**Task item:**
Within the records that follow, restate exactly the lines from the line with "All the subsystem" down to the line with "Romantic watercolor floral", including both. Omit the pictures.

**Data excerpts:**
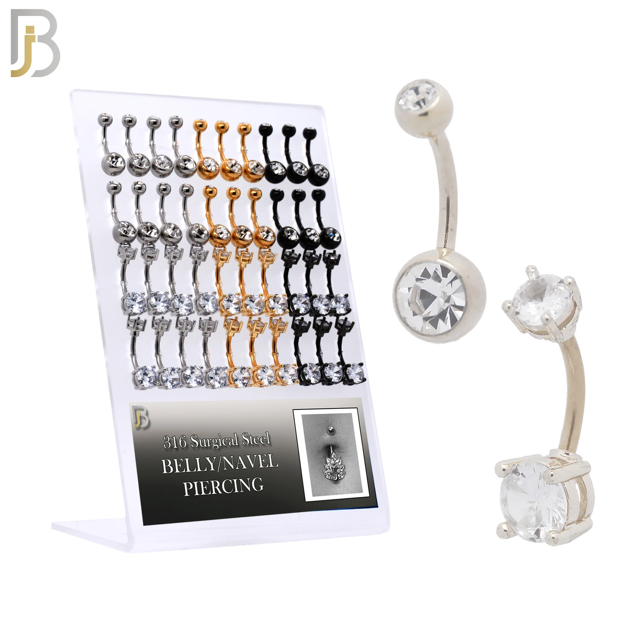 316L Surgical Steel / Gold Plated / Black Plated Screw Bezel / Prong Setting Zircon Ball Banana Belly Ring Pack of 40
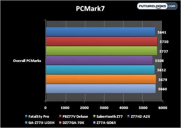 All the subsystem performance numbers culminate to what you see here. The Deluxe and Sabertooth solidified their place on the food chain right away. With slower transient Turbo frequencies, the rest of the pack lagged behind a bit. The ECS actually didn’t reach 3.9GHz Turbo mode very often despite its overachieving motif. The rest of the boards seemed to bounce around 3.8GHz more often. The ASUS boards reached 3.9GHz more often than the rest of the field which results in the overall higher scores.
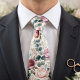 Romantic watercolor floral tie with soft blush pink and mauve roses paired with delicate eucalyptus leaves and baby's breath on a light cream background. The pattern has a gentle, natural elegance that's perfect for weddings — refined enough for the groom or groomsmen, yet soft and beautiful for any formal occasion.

...

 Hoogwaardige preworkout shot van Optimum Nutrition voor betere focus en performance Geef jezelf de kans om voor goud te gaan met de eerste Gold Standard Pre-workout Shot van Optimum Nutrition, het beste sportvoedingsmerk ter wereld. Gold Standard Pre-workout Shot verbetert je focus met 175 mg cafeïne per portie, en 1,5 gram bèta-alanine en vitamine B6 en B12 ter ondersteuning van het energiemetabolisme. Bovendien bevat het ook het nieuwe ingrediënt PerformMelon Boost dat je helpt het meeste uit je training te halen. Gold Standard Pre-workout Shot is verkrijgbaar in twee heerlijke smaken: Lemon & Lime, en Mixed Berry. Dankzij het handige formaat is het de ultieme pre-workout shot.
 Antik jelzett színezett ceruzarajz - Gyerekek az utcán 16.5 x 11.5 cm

**Output of the task:**
 All the subsystem performance numbers culminate to what you see here. The Deluxe and Sabertooth solidified their place on the food chain right away. With slower transient Turbo frequencies, the rest of the pack lagged behind a bit. The ECS actually didn’t reach 3.9GHz Turbo mode very often despite its overachieving motif. The rest of the boards seemed to bounce around 3.8GHz more often. The ASUS boards reached 3.9GHz more often than the rest of the field which results in the overall higher scores.
 Romantic watercolor floral tie with soft blush pink and mauve roses paired with delicate eucalyptus leaves and baby's breath on a light cream background. The pattern has a gentle, natural elegance that's perfect for weddings — refined enough for the groom or groomsmen, yet soft and beautiful for any formal occasion.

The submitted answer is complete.